There is a mantra amongst economists when asked to give their opinion. It is okay to give a number or a timescale, but never together. 

So, the US CPI (consumer price index) report came out and it was a shock. The rate was 8.5%, much higher than expected.

This resulted in markets immediately repricing the likely interest rate levels higher as fears increased that inflation was imbedding with the only solution being higher interest rates to destroy demand.

So, let’s look at the reality of the numbers from Thursday and see exactly why CPI is 8.5%.

The numbers

The war

Firstly, and most importantly is the effect of the increased oil price post Russia’s invasion of Ukraine.

This is an extraneous event so can be seen as not structural. It has created 2.8% of the inflation directly.

It has also added indirectly to the rise in other costs due to transport costs, farming etc.

So, the commodity disruption of the war is around 3.5%.  

COVID

If the reopening distortions still being felt by business are quantified, they account through stressed supply chains and increased costs for travel and leisure for a further 2%.
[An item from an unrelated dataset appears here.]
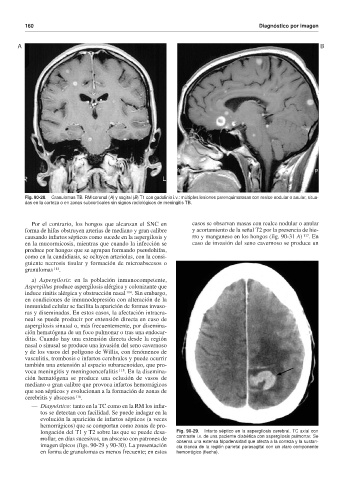longación del T1 y T2 sobre las que se puede desa- Fig. 90-29. Infarto séptico en la aspergilosis cerebral. TC axial con
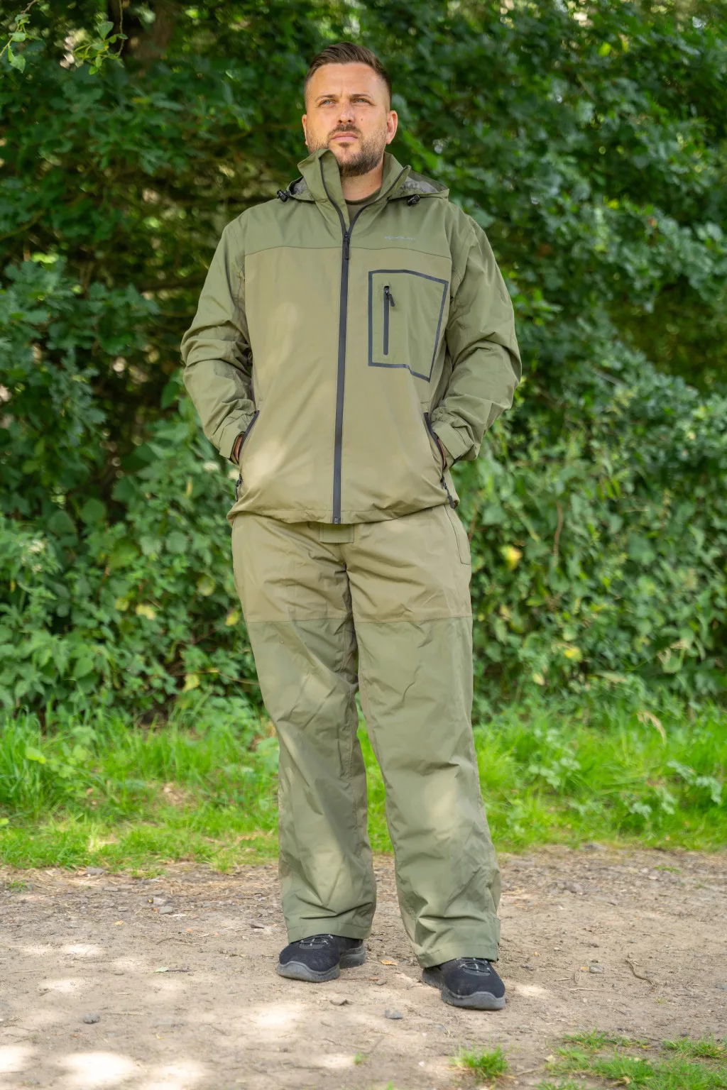 The set is made of modern, waterproof, and breathable material that effectively keeps precipitation out. The jacket and bib and brace trousers are available in multiple sizes, so every angler can find the right fit for them. The adjustable straps and comfortable cut allow for a personalized fit, which is especially important during long, active fishing sessions.

Again, these are effects that are not structural so will self-regulate and return to a normalised rate over time.

Housing

There is significant inflation in housing and rents. It is clear that there is a shortage of affordable housing, and the reasons are known but why the pandemic has caused such a spike in shelter costs is unclear.

Conclusion

The takeaways from the above breakdown of the inflation numbers are.

  1. The majority of the 8.5% has been caused by Covid and the war. These are not structural, will self-correct and raising rates will do little to help apart from destroying demand.
  2. The actual normalised inflation rate if commodities, food, and supply chain issues are removed is around 2.8-3.2%.
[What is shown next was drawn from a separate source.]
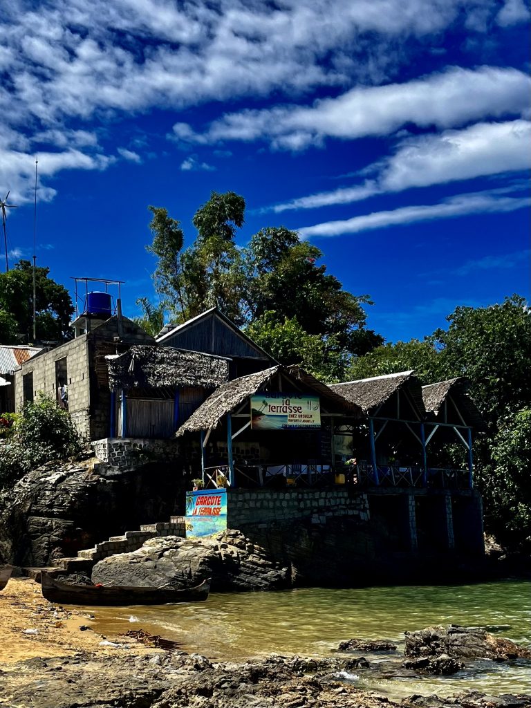 Da kommt auch schon ein Einheimischer und offeriert uns sein Lokal, das „Gargote la terrasse chez Ursulla“. Ob wir bei ihm etwas zu Essen bekämen, unsere Frage? Es sitzt nämlich niemand auf Ursullas Terasse. Oui, oui… Ahhh, Ursulla liegt auf der Treppe und der Rest der Mannschaft auch…

This is not a scary number and why the Fed and BOE said they were confident inflation would normalise and were not concerned. They were not delusional, although it now looks like it.

All the most recent economic figures are showing rapidly decelerating economies. Consumption down, activity down, spending down, layoffs way up.  It is quite possible that in a few months we see some pretty dire economic numbers with demand having gone off a cliff. This feeds through into unemployment numbers which will rise.

There is a raging argument between those convinced we have structural inflation back with commodities and wages pushing each other higher and those that say we will return shortly to pre pandemic low growth low inflation conditions.

For what it’s worth I’m in the return camp.